# Newb Advice On First Kit



## MOE MP (24/4/16)

Hi All
Looking forward to buying my first kit soon and kicking the stinkies.
Unfortunately the area I live in does not have a vape store, i've been browsing a couple of online stores and trying to read and absorb as much info as I can on vaping.
I really do like the iStick Pico Mini 75w.
Looks rugged and decent. Any advice on this unit or other units to look at would highly be appreciated. 
Thanks in advance

Reactions: Like 1


----------



## brotiform (24/4/16)

Joyetech mini vtc + UD Bellus


----------



## Nailedit77 (24/4/16)

MOE MP said:


> Hi All
> Looking forward to buying my first kit soon and kicking the stinkies.
> Unfortunately the area I live in does not have a vape store, i've been browsing a couple of online stores and trying to read and absorb as much info as I can on vaping.
> I really do like the iStick Pico Mini 75w.
> ...


I started on a subox mini kit, was an awesome 1st setup. Moved onto a vtc mini and I am so happy with this mod. Small powerfull and can handle almost any tanks and coils. The toptank mini is a great starter device, havent tried the pico as yet. I would suggest a topbox mini or vtc mini, just get a better tank for vtc mini tho. The tanks that come with the vtc mini's are not really good... vtc mini and a subtank mini is the perfect setup  subtank can take prebuilt coils or you can build your own, best of both worlds when starting out

Reactions: Agree 1


----------



## Clouds4Days (24/4/16)

brotiform said:


> Joyetech mini vtc + UD Bellus



I agree for the mod 100% the evic vtc mini will be the best device you can get to start off with and every single person that has one is happy with theirs. but tank wise I would get the subtank mini because of its tighter airflow. Better for mouth to lung if you gonna use this device to stop smoking.
Basically I just repeated what @Sickboy77 said. Hahaha but I mean it too. Evic + subtank or toptank (I think it's called) = winner
Vape on...

Reactions: Like 1


----------



## BumbleBee (24/4/16)

MOE MP said:


> Hi All
> Looking forward to buying my first kit soon and kicking the stinkies.
> Unfortunately the area I live in does not have a vape store, i've been browsing a couple of online stores and trying to read and absorb as much info as I can on vaping.
> I really do like the iStick Pico Mini 75w.
> ...


Hi and welcome @MOE MP 

Seeing as this will be your very first device I think the Pico will be great for you.

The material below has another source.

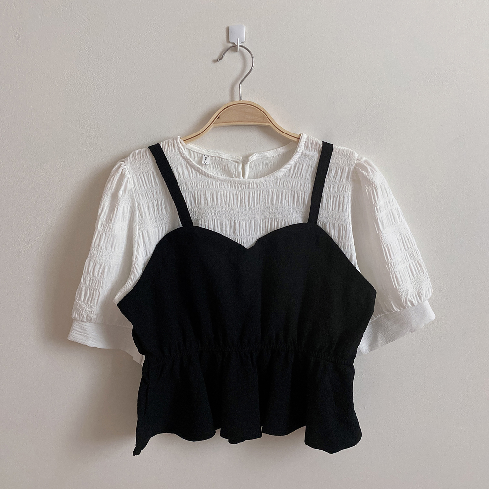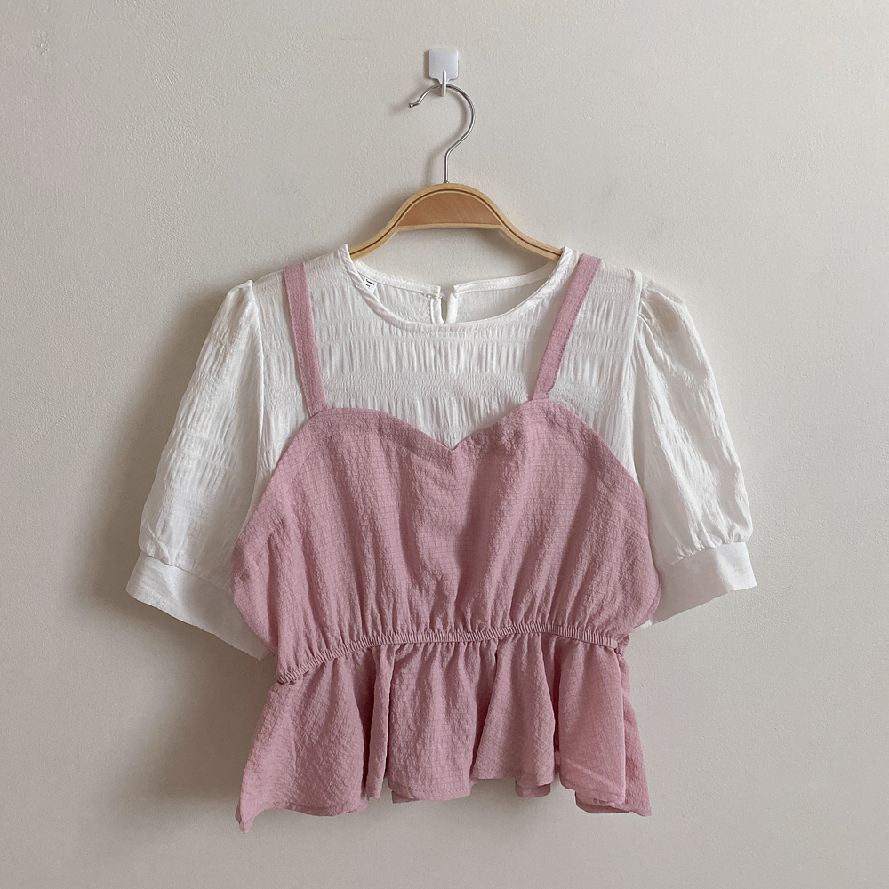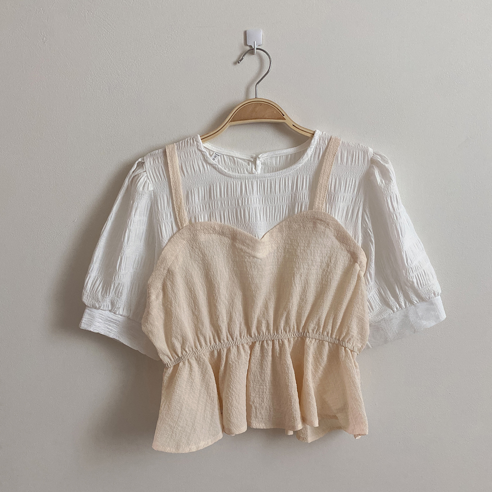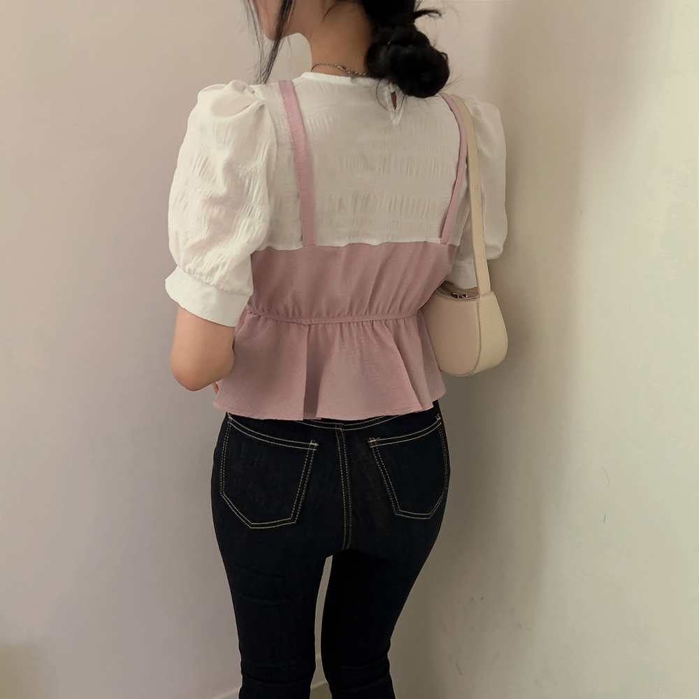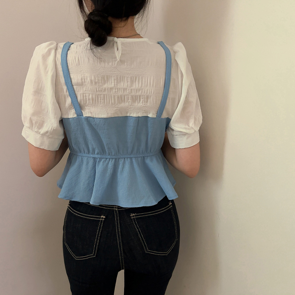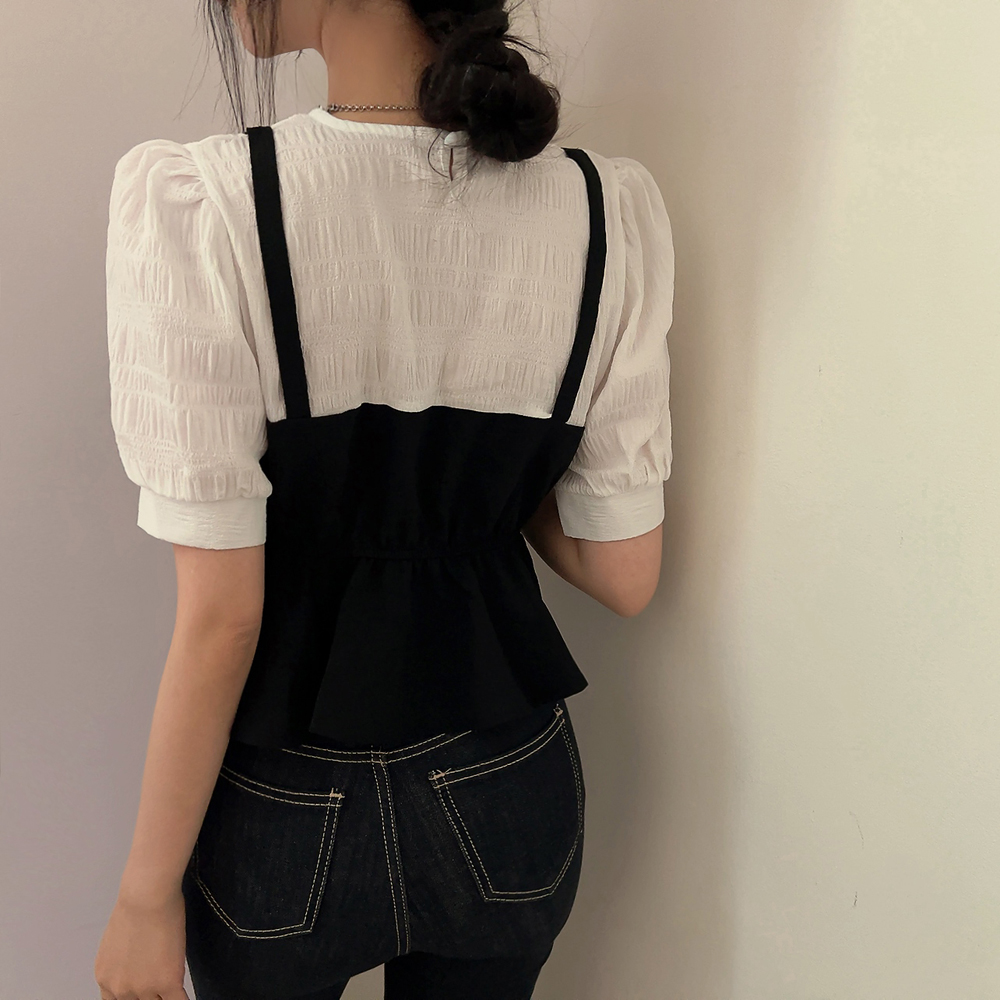ビスチェシャーリングパフ半袖ブラウス

It's fairly simple to start with and also has enough features and power to carry you if you find you need more from your vaping experience. The Kangertech Topbox Mini kit and the Joyetech VTC Mini with Cubis tank kits are also great options. Each one of these options will require a high drain 18650 battery.

Reactions: Like 2


----------



## Silver (24/4/16)

Welcome to the forum @MOE MP 

Congrats on deciding to start vaping
You are doing a great thing!!

The other guys above have given great advice. I have never used the Pico myself but those who have it like it for its compact size.

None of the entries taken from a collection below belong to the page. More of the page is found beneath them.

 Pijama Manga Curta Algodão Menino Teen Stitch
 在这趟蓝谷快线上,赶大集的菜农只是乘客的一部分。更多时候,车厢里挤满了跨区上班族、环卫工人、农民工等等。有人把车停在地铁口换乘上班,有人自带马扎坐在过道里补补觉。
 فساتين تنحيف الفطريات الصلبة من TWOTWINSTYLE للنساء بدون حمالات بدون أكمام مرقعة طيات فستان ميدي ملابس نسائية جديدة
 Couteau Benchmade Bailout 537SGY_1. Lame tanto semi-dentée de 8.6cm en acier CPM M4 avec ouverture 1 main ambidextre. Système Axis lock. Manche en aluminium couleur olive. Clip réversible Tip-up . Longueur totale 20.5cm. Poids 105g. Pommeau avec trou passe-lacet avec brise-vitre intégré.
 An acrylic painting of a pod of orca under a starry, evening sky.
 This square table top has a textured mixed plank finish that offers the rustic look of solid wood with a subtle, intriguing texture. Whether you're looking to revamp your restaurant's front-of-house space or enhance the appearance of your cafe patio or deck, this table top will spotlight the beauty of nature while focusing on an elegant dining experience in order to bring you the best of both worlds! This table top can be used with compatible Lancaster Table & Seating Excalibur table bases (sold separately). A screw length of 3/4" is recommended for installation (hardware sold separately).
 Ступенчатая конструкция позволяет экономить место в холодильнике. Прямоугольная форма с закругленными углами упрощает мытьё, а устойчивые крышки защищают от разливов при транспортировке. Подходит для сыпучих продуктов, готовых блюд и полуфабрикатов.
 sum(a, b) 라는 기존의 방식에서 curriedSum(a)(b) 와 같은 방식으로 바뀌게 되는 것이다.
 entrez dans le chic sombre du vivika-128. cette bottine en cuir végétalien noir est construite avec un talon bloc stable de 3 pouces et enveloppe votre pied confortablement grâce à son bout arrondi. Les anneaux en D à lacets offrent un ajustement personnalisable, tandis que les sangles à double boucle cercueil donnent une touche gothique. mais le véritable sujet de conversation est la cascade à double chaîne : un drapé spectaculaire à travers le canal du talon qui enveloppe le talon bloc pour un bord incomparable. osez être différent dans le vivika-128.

I can vouch for the Evic VTC Mini and the Kanger Subtank mini or its sucessor the Toptank Mini

All the best and let us know how it goes


----------



## Silver (24/4/16)

PS - dont forget to allow enough budget for a variety of juices


----------



## Migs (24/4/16)

I think the Evic vtc mini kit with the Cubis tank is fantastic, you get 1.5 ohm mouth to long coils and lower 0.5 ohm lung hit coils giving you the experience of both worlds before you move into building, when you move on you still have the fantastic mod and don't need to upgrade that right away and at the same time you will learn about batery safety and how to handle 18650's.


----------



## GreenyZA (24/4/16)

I have the Cubis and I liked it in the beginning but now that I have discovered things like the OBS Crius and the Avocado, I cant do the Cubis anymore. The flavour is just not there. The Kager subtank in my opinion offers the best of both worlds since you can start playing around with the RBA included with the tank without needing to upgrade anything but you have commercial coils to get you going. The VTC is a fantastic unit and will last you for a long time. I'm with Silver on the budget for the juice. Also just get yourself a couple of spare coils. Use the coils you get with witch ever tank you decide on and then get yourself a couple of the ones you like most. When you start off, you tend to play around with the settings on the mod. This is a good thing but I had a blond moment where I was clumsy while carrying the mod unlocked and I was unknowingly pressing the + button and then fired the Cubis 0.5ohm coil at 200 watts. Appart from almost loosing my lungs from the heat, the coil was never the same after that. What I'm saying is accedents happen and you never know when a coil will go bad so keep a spare coil or two in your vape bag at all times. 


Sent from my iPhone using Tapatalk

Reactions: Like 2


----------



## MOE MP (24/4/16)

Thanks once again.
I think the next step in my Vaping Journey is to get to a Vape Store to see these kits in person and make a decision from there.
I will post pics on the final setup i go with.

Reactions: Like 2


----------



## GreenyZA (24/4/16)

Awesome Moe. All the best!! Waiting for them pics.. 


Sent from my iPhone using Tapatalk


----------